Alyssa B. indes schien mit dieser Beziehung überfordert und nach einiger Zeit von Maurice M. auch gelangweilt zu sein. Eine Schulfreundin sagte der Berliner Morgenpost: „Die beiden waren kein Paar, und sie hätten auch gar nicht zusammengepasst. Maurice hatte nicht den Intellekt wie Alyssa. Und wahrscheinlich hat er das auch gespürt“, so die 16-Jährige. „Alyssa lernte autodidaktisch die japanische Sprache. Sie träumte davon, dieses Land einmal zu bereisen, vielleicht sogar dort zu studieren.“ Das passe nicht zu einem erfolglosen Hauptschüler, so die 16-Jährige. „Sie hat mir auch erzählt, dass sie Maurice lediglich als eine Internet-Bekanntschaft ansah, für die sie eigentlich nur Mitleid empfand.“

Eltern sind Nebenkläger

Es spricht vieles dafür, dass Alyssa B. ihr schwindendes Interesse in Briefen an Maurice M. deutlich machte. Und dass dieser sich mit einer Trennung nicht abfinden wollte. Kurz vor der Tat soll er sich noch bei der Mutter von Alyssa B. vorgestellt und von seinen späteren Heiratsplänen berichtet haben. Und er soll, was kaum verwundern kann, auf wenig Gegenliebe gestoßen sein.

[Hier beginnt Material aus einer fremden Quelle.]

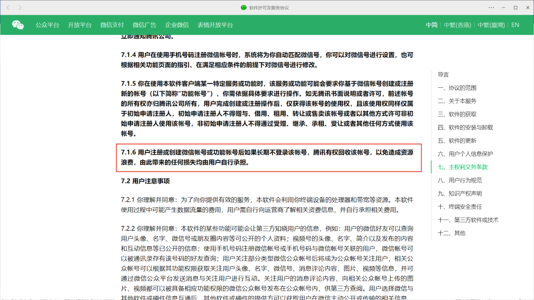 事实上,如果大家翻看微信的《软件许可及服务协议》,在 7.1.6 条款中,微信特别提及:
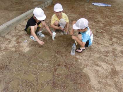 運動場という大きなキャンバスに水で絵を描いたり、友達と協力して水を何度も汲んで川を作ったりしている子もいました。
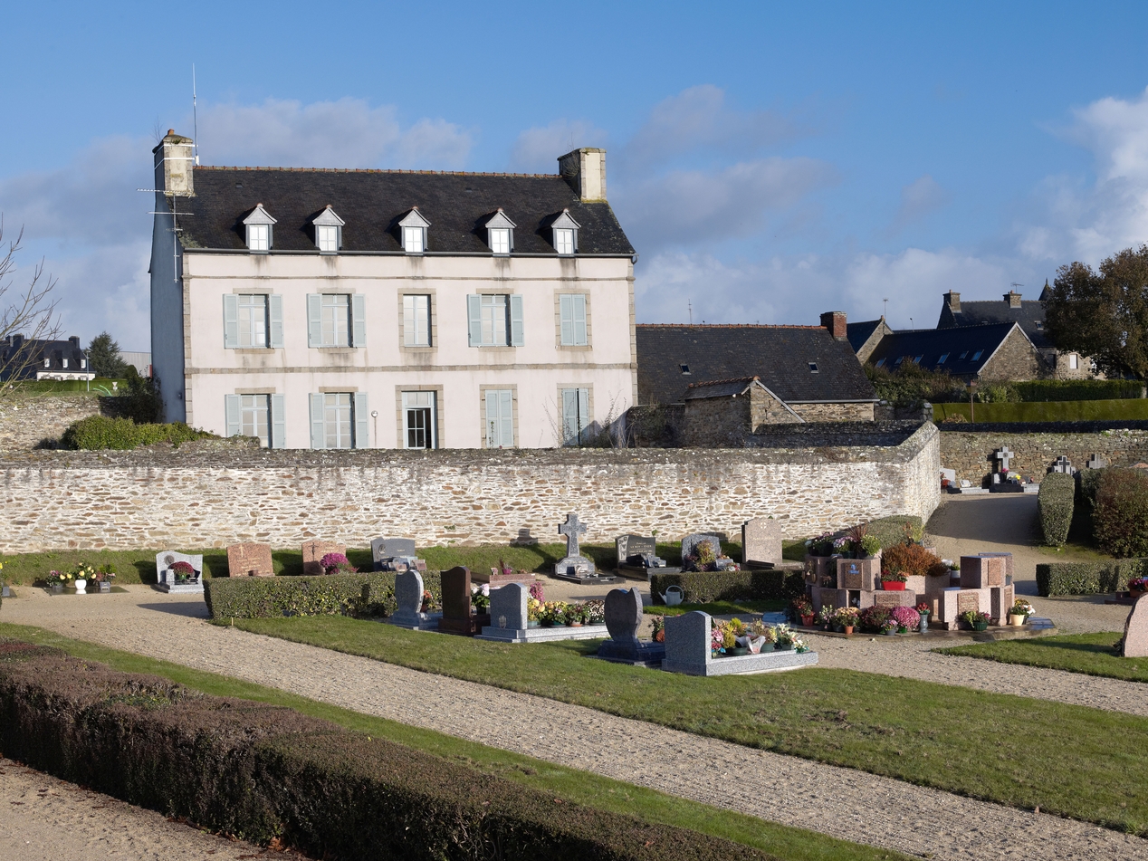 Minihy-Tréguier, 3 rue de l'Église : presbytère actuellement logement, vue de situation depuis le sud. Au premier plan, l'extension du cimetièreImmatriculation
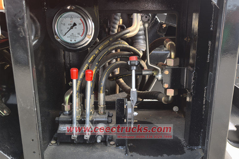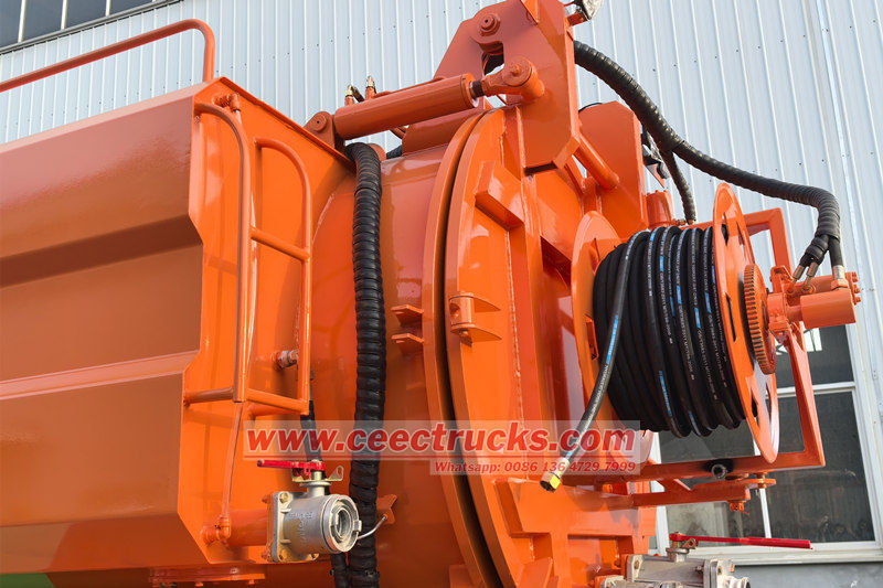 The vehicle is equipped with a high-pressure water pump to pressurize the clean water to 16-240 MPa, and cuts and flushes the stubborn blockages such as sediments, tree roots, concrete blocks on the inner wall of the pipeline through a rotating nozzle. At the same time, a vacuum pump is used to form a negative pressure in the tank body to suck the crushed sludge and sewage into the tank body through the sewage suction pipe. The hydraulic winch is used to control the extension and contraction of the high-pressure pipe throughout the operation to ensure that the operator can complete the deep pipeline dredging without going down the well.
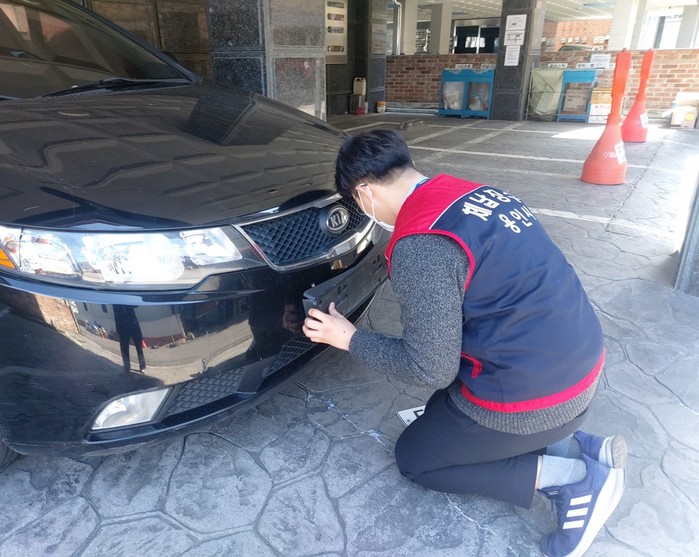 ▲시 관계자가 지방세 체납 차량의 번호판을 영치하고 있는 모습. 용인시 제공 |
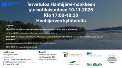 Tervetuloa Hanhijärvi-hankkeen yleisötilaisuuteen 10.11.2025 klo 17:00-18:30
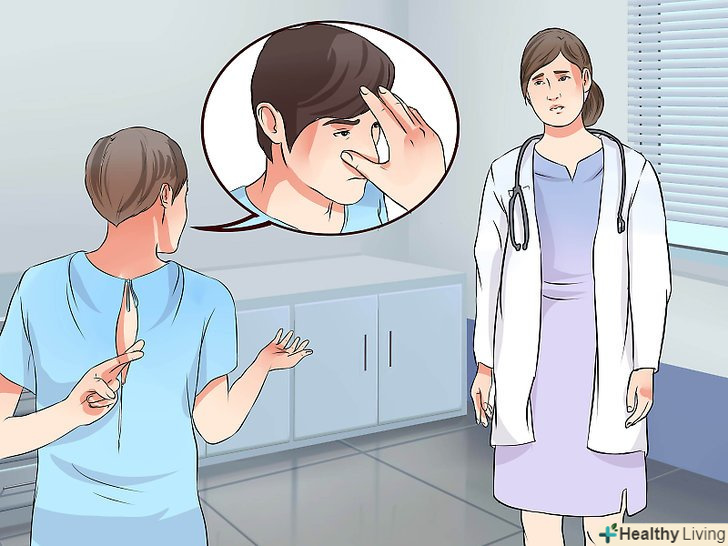 Ситуації, в яких проявляються симптоми.людина може повідомляти про симптоми тільки в присутності інших людей. Якщо людина одна або нікого немає поблизу, то симптоми можуть ніяк не проявлятися. Також вони можуть проявлятися тільки в ситуаціях, коли за людиною спостерігають лікарі або друзі і родичі.[10]- Запитайте, коли проявляються симптоми. Вони загострюються в присутності близьких або друзів? Як проходить лікування за відсутності родичів? Чи бажає людина, щоб рідні брали участь в процесі лікування?

Alyssa B.s Eltern haben zwei Jahre vor dem Tod der Tochter schon auf tragische Art einen Sohn verloren. Er hat sich das Leben genommen. Sie sind jetzt Nebenkläger in dem anstehenden Prozess vor der Jugendkammer des Landgerichts. Am Montag sollen sie auch als Zeugen gehört werden. Ebenso der Schulfreund, der den Mord gesehen hat.

Für den Prozess sind bislang sechs Verhandlungstage angesetzt.